What were the limitations of this study that should be considered when interpreting the results?

Among the limitations, we had fewer samples available for the longitudinal analysis compared with the baseline analysis so our results regarding the ability of the ctDNA test to identify recurrence during the follow-up period would have been more precise if we had more samples. Also, the longitudinal collections were not planned beyond 12 months. This restricted our ability to detect the increasing amounts of microscopic melanoma before clinical recurrence after 12 months. Analysis after 12 months would have been particularly valuable for patients in the active treatment group (compared with the placebo group) because they mostly had recurrence after the planned treatment cessation. A limitation of our assay was that it was not able to detect recurrence in all patients.

What are the next critical research questions that need to be addressed based on these findings? Are there plans for prospective studies using ctDNA to guide treatment decisions?

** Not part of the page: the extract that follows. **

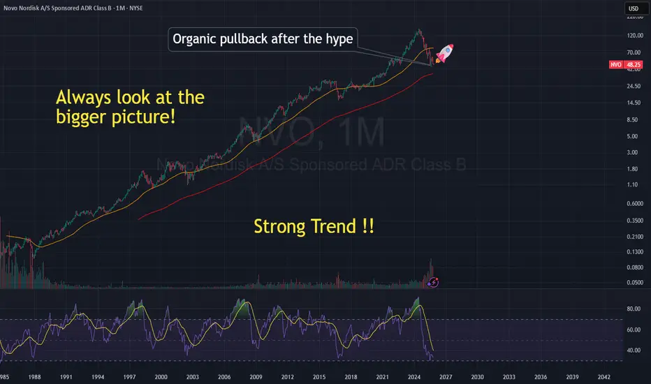 Zooming out tells a very different story — over the decades, Novo Nordisk’s stock has gained over 30,000% 🚀, riding steady innovation and strong global demand.

We are in discussions to conduct prospective studies using ctDNA to guide treatment decisions. An important next step is to make the test available in a clinical molecular pathology laboratory where it can be used in those clinical trials to determine whether using the test results to change patient management (e.g. delay treatment until the test or a CT scan is positive) actually improves patient outcomes compared to not using the test results (i.e. treating all patients). Another trial design could be to measure ctDNA in patients on adjuvant therapy using one drug and then randomize patients with a positive ctDNA result to another drug vs continuing the current treatment; or adding a second drug compared to continuing monotherapy.

REFERENCE:
Syed M, Long G, Garrett J, et al. Clinical validation of droplet digital PCR assays in detecting BRAFV600-mutant circulating tumour DNA as a prognostic biomarker in patients with resected stage III melanoma receiving adjuvant therapy (COMBI-AD): a biomarker analysis from a double-blind, randomised phase 3 trial. Lancet Oncol. Volume 26, Issue 5, 641 - 653.